Overview

A JWT (JSON Web Token) is a compact, URL-safe way of securely transmitting information between a client and a server as a JSON object.

It is commonly used for authentication and authorization in modern web applications and APIs.

Advantages

  • Stateless – no session storage required on the server.
  • Compact – easy to pass in HTTP headers, cookies, or query strings.

Usage

This implementation provides two main methods:

  • encode(array $payload, int $exp) → Encode and generate a token.

  • decode(string $jwt) / decodeFromBearer() → Decode and verify a token.

Step 1: Create a token (Server-side)

Once the user is authenticated, you can generate a token that stores your data in the $payload array.

This token can then be sent to your frontend (e.g., JavaScript) for later use.

<?php

use Krystal\Authentication\JWT;

$secret = 'my-secret'; // Your unique secret key (keep it in configuration)
$ttl = 3600;           // Time-to-live in seconds

$payload = [
    'sub' => '1',       // User ID
    // Any other custom data (e.g. role, email, permissions)
];

$jwt = new JWT($secret);

// Generate a token and send it to JavaScript
echo $jwt->create($payload, $ttl);

Step 2: Decode and verify a Token (Server-side)

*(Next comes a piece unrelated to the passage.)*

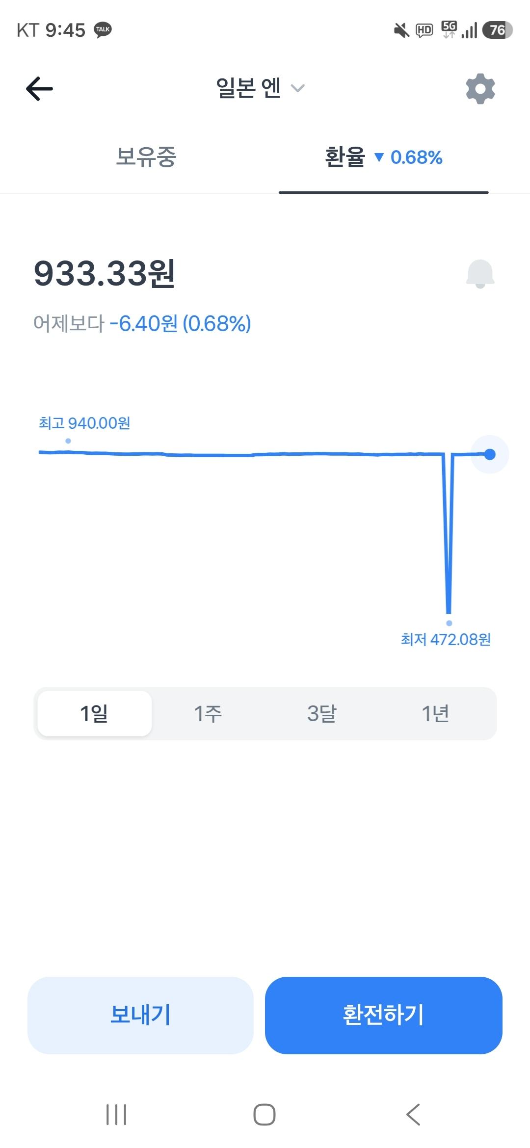 이미지 확대보기토스뱅크 앱에서 일본 엔화 환전에 오류가 발생하며 한때 반값에 거래됐다.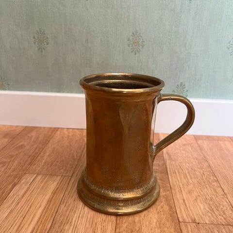 Messing kopp i belagt materiale med dekorativt lokk og solid håndtak. Koppen står på tre stilige føtter og har en elegant design som passer til klassiske borddekorasjoner. Perfekt for servering av sukker eller små søtsaker.

On subsequent requests, you can verify the token either from a query parameter or from the Authorization Bearer header.

<?php

use Krystal\Authentication\JWT;

$secret = 'my-secret';
$jwt = new JWT($secret);

// Option 1: Token from query string (?token=...)
$payload = $jwt->decode($_GET['token']);

// Option 2: Token from Authorization header (Bearer <token>)
$payload = $jwt->decodeFromBearer();

if ($payload) {
    // Token is valid and not expired - proceed with request
} else {
    // Invalid or expired token
}

Step 3: JavaScript Client Example

On the frontend, you authenticate by sending login credentials to the server.

If successful, the server returns a JWT which you can store and send with each request.

// Login and receive JWT
async function login() {
  const response = await fetch("/auth/login", {
    method: "POST",
    headers: { 
     "Content-Type": "application/x-www-form-urlencoded" 
    },
    body: new URLSearchParams({ username: "alice", password: "password123" })
  });

  const data = await response.json();

  if (data.success) {
    console.log("Token received:", data.token);

    // Save token (for demo purposes, use HttpOnly cookie in production)
    localStorage.setItem("jwt", data.token);

    // Call a protected route
    getProfile();
  } else {
    console.error("Login failed:", data.message);
  }
}

// Example protected request
async function getProfile() {
  const token = localStorage.getItem("jwt");

  const response = await fetch("/auth/profile", {
    method: "GET",
    headers: {
      "Authorization": "Bearer " + token
    }
  });

  const data = await response.json();
  console.log("Profile:", data);
}

// Start login flow
login();

Flow Summary

  1. Client sends login credentials → /auth/login.
  2. Server verifies credentials → issues a JWT.
  3. Client stores the token (localStorage, sessionStorage, or HttpOnly cookie).
  4. Client sends the token with every request in Authorization: Bearer <token>.
  5. Server decodes and validates the token before serving protected resources.